* [THE TASK]
Please write out every entry below exactly, leaving out any pictures.
#### RECORD EXTRACTS
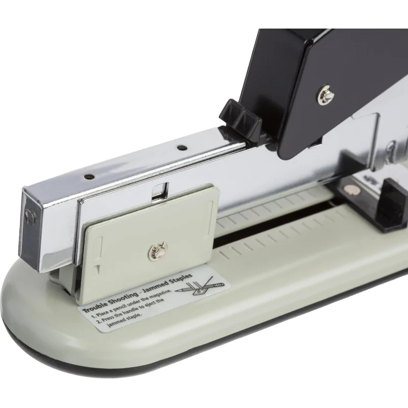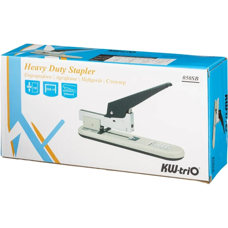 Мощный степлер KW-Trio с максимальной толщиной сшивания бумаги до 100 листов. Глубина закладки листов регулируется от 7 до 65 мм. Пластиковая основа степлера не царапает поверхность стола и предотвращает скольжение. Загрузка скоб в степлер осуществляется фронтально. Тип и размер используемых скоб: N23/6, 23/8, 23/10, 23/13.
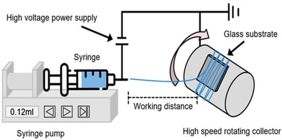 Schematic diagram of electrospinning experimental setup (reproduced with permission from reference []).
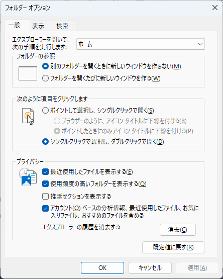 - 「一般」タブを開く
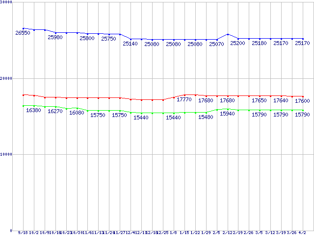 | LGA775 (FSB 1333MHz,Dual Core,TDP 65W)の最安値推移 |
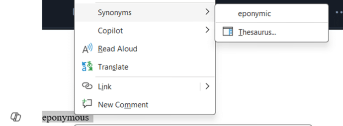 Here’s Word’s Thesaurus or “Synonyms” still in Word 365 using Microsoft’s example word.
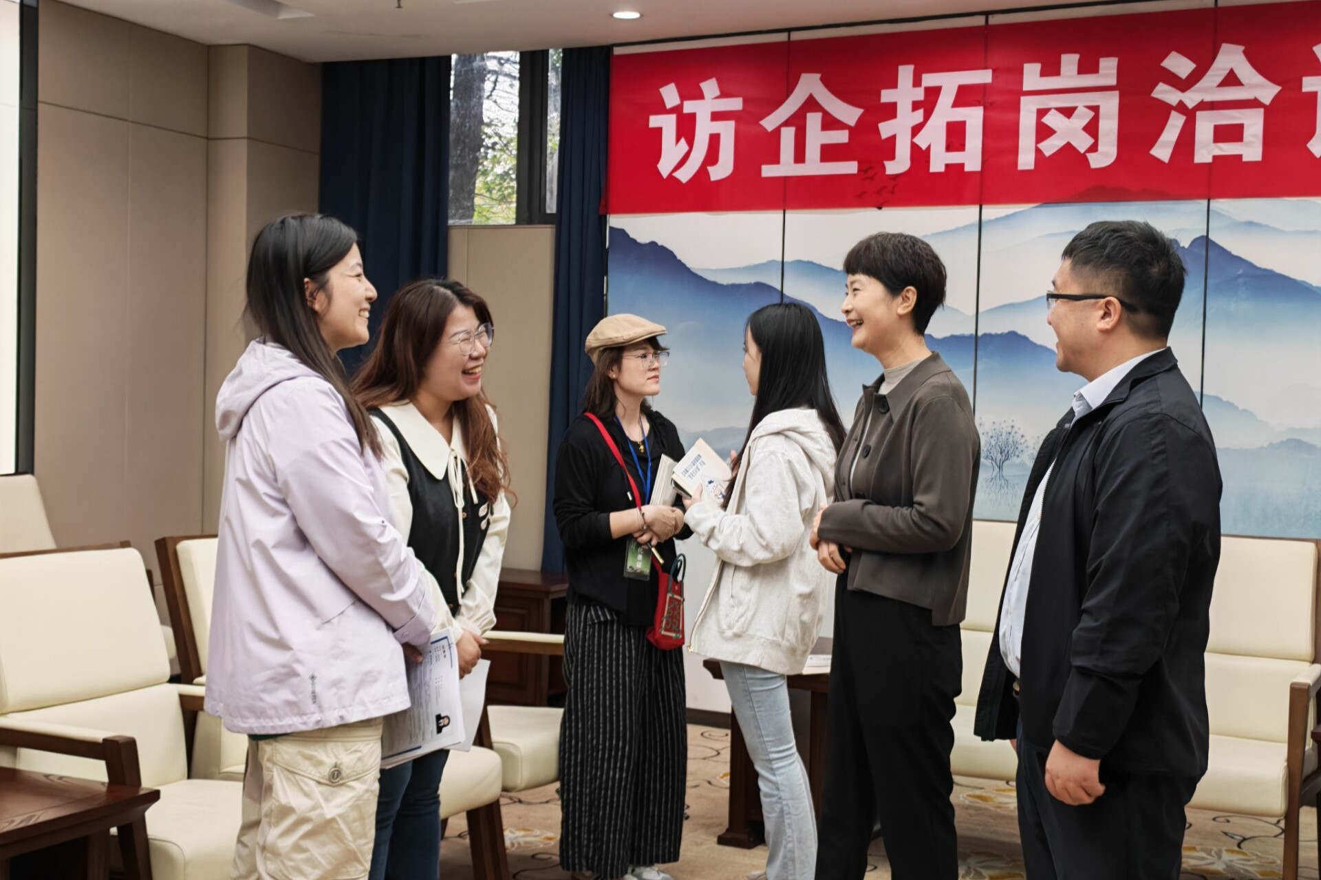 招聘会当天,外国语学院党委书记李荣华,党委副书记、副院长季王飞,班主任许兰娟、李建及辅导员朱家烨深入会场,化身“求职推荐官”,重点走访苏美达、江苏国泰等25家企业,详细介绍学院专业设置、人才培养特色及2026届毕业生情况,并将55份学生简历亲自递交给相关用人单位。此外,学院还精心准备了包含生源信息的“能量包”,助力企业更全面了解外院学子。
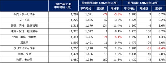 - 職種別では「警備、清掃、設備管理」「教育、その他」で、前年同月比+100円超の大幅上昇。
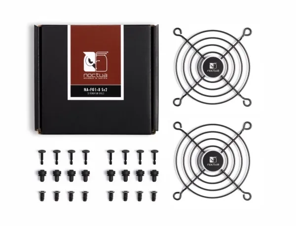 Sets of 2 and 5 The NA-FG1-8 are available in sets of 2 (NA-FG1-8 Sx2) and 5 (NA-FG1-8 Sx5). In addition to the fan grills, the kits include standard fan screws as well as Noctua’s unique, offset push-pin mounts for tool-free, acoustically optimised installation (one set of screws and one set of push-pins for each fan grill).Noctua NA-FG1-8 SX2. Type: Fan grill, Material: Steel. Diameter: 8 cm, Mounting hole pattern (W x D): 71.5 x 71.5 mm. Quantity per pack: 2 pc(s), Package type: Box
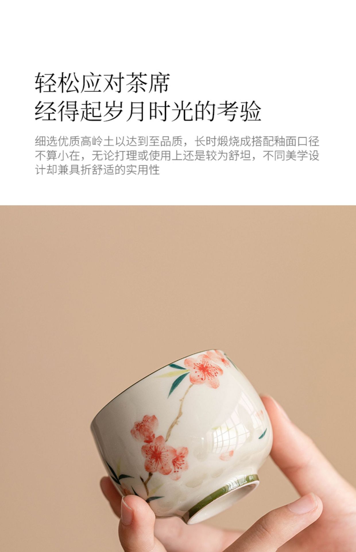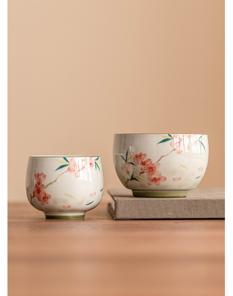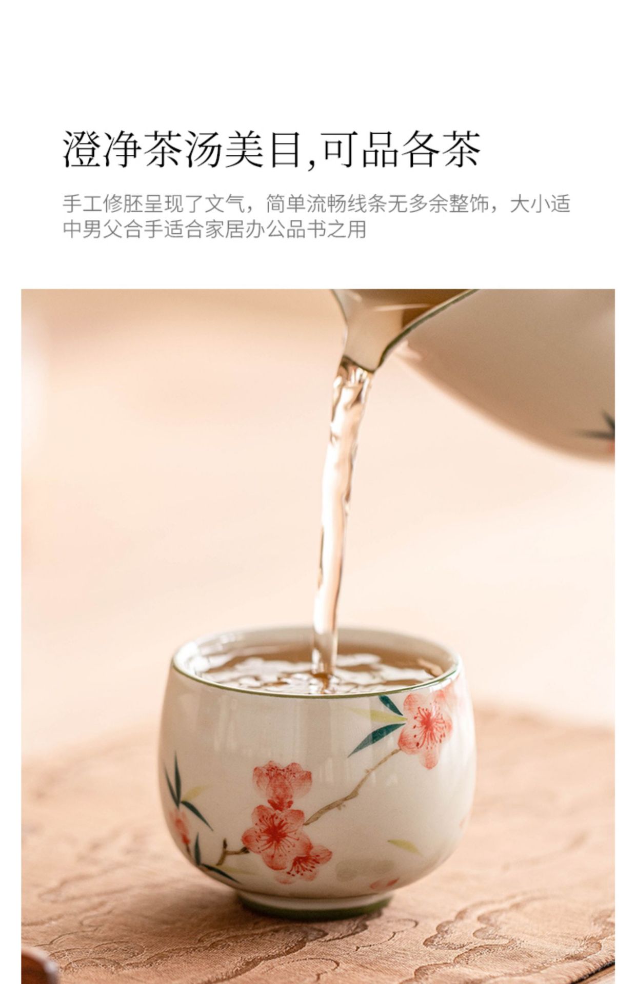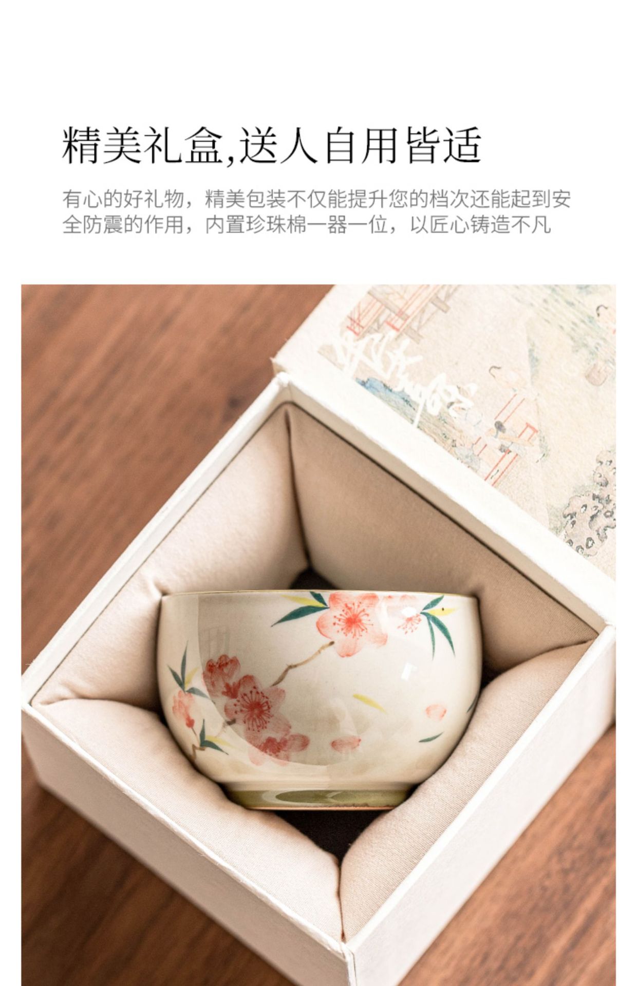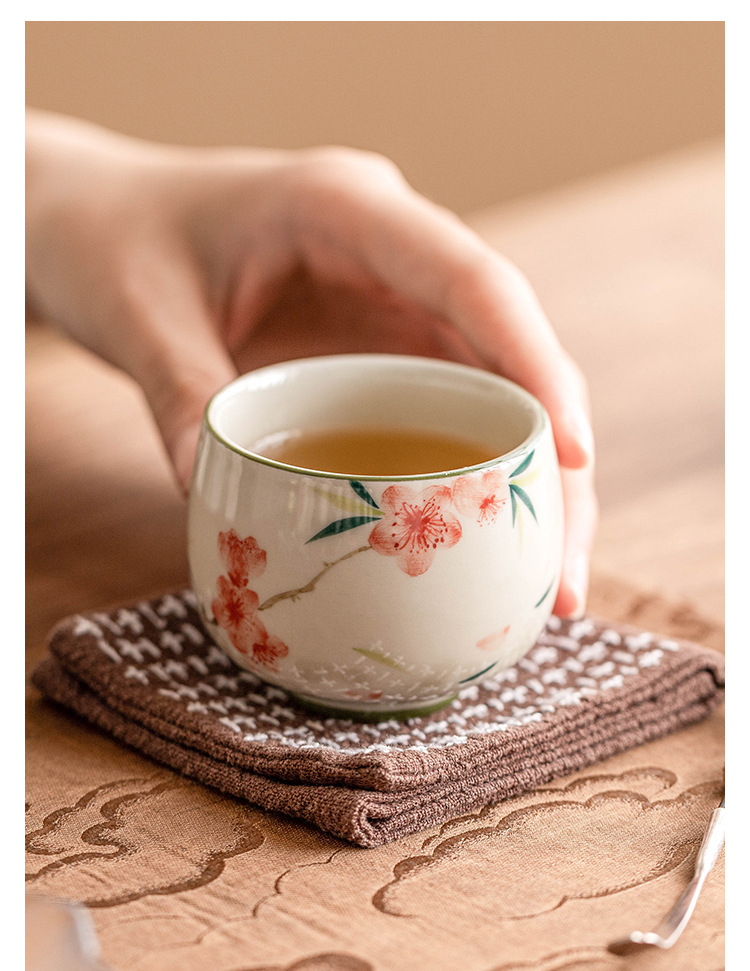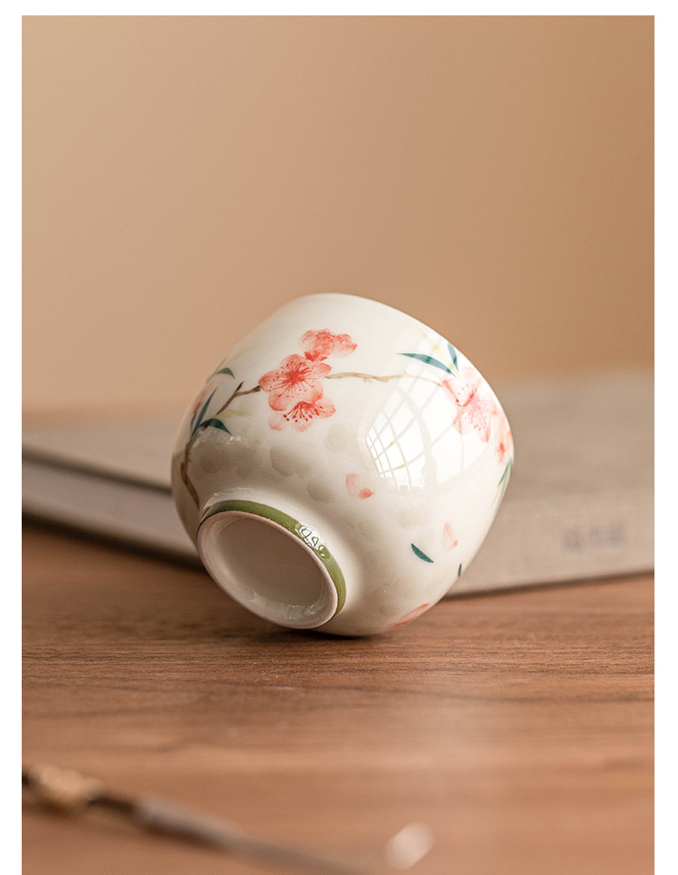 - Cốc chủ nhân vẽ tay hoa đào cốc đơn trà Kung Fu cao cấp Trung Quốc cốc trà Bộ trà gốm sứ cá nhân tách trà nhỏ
########
* [EXERCISE RESULT]
 Мощный степлер KW-Trio с максимальной толщиной сшивания бумаги до 100 листов. Глубина закладки листов регулируется от 7 до 65 мм. Пластиковая основа степлера не царапает поверхность стола и предотвращает скольжение. Загрузка скоб в степлер осуществляется фронтально. Тип и размер используемых скоб: N23/6, 23/8, 23/10, 23/13.
 Schematic diagram of electrospinning experimental setup (reproduced with permission from reference []).
 - 「一般」タブを開く
 | LGA775 (FSB 1333MHz,Dual Core,TDP 65W)の最安値推移 |
 Here’s Word’s Thesaurus or “Synonyms” still in Word 365 using Microsoft’s example word.
 招聘会当天,外国语学院党委书记李荣华,党委副书记、副院长季王飞,班主任许兰娟、李建及辅导员朱家烨深入会场,化身“求职推荐官”,重点走访苏美达、江苏国泰等25家企业,详细介绍学院专业设置、人才培养特色及2026届毕业生情况,并将55份学生简历亲自递交给相关用人单位。此外,学院还精心准备了包含生源信息的“能量包”,助力企业更全面了解外院学子。
 - 職種別では「警備、清掃、設備管理」「教育、その他」で、前年同月比+100円超の大幅上昇。
 Sets of 2 and 5 The NA-FG1-8 are available in sets of 2 (NA-FG1-8 Sx2) and 5 (NA-FG1-8 Sx5). In addition to the fan grills, the kits include standard fan screws as well as Noctua’s unique, offset push-pin mounts for tool-free, acoustically optimised installation (one set of screws and one set of push-pins for each fan grill).Noctua NA-FG1-8 SX2. Type: Fan grill, Material: Steel. Diameter: 8 cm, Mounting hole pattern (W x D): 71.5 x 71.5 mm. Quantity per pack: 2 pc(s), Package type: Box
 - Cốc chủ nhân vẽ tay hoa đào cốc đơn trà Kung Fu cao cấp Trung Quốc cốc trà Bộ trà gốm sứ cá nhân tách trà nhỏ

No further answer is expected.